(For non-students, this is part of a series for my A Level students looking at important secondary texts which will assist their studies.)
Gayle Rubin, ‘The Traffic in Women: Notes on the “Political Economy” of Sex’ (1975)
An [If] you be mine, I’ll give you to my friend;
And you be not, hang, beg, starve, die in the streets,
For, by my soul, I’ll ne’er acknowledge thee
(Lord Capulet, Romeo and Juliet, Act III, sc v)
I beg the ancient privilege of Athens,
As she is mine, I may dispose of her:
Which shall be either to this gentleman
Or to her death, according to our law.
(Egeus, A Midsummer Night’s Dream, Act I, sc I)
Not much fun, being a teenage girl in Shakespeare’s day, was it? These intelligent, independent and emotional young women must often have felt like second-class citizens …
If you followed up on last month’s article, you may know that Marx suggests that the capitalist will pay the proletarian worker – Marx’s second-class citizens – the bare minimum required to keep him alive, working, and to allow the class as a whole to reproduce, providing a steady flow of workers, or ‘wage-slaves’, to serve in the future. Depressing thought, isn’t it?
I used ‘him’ deliberately, because Rubin’s essay takes Marx as only a starting point:
‘In Marx’s map of the social world, human beings are workers, peasants, or capitalists; that they are also men and women is not seen as very significant.’
Which sounds ideally gender-blind, we might say? But she contends that capitalism is:
‘a systematic social apparatus which takes up females as raw materials and fashions domesticated women as products.’
Domesticated women become a kind of robot – cooking; cleaning; looking after the worker when he is not working; crucially, making sure he is fit and happy to work; and of course, reproducing. Here’s a supporting, and revealing, quotation from a text by Matthew Beaumont :
At nighttime, women of the poorer classes were expected to reproduce labour in a double sense: on a daily basis, to repair its physical strength, by restoring the labourer’s body; and, in the long term, to propagate the next generation of workers. This is what it meant in the Middle Ages to be an obedient proletarian (from the Latin proletarius, which in ancient Rome signified the lowest class of citizens, who served the state not by owning property but by producing offspring).
Think about that for a moment: the idea of serving the state by producing future generations of workers / slaves, so that those who don’t currently do any work – and their children – can continue in that vein.

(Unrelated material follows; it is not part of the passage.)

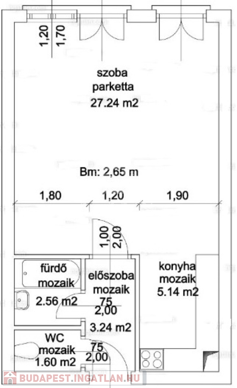 A praktikus elrendezésű ingatlanban külön fürdőszoba, külön WC, valamint előszoba található.

Whilst the Marxist and Feminist critical viewpoints are close where they relate to inequality, Rubin goes beyond blaming capitalism, pointing out that non-capitalist societies are just as oppressive. It’s also worth bearing in mind that your Shakespeare/Marlowe texts effectively pre-date capitalism. This leads Rubin, almost inevitably, to the concept of kinship, produced by and relying on:
‘an exchange of women between men’.
as a way of creating obligation, trust, and co-operation between groups. Bonds of marriage and – eventually – shared descendants are the hardest to break. Using anthropological studies and the writings of Claude Lévi-Strauss (another Lit Crit demi-god from Uni), Rubin contends that the incest taboo did NOT develop to prevent genetic deformities. Can you guess what startling conclusion she came to?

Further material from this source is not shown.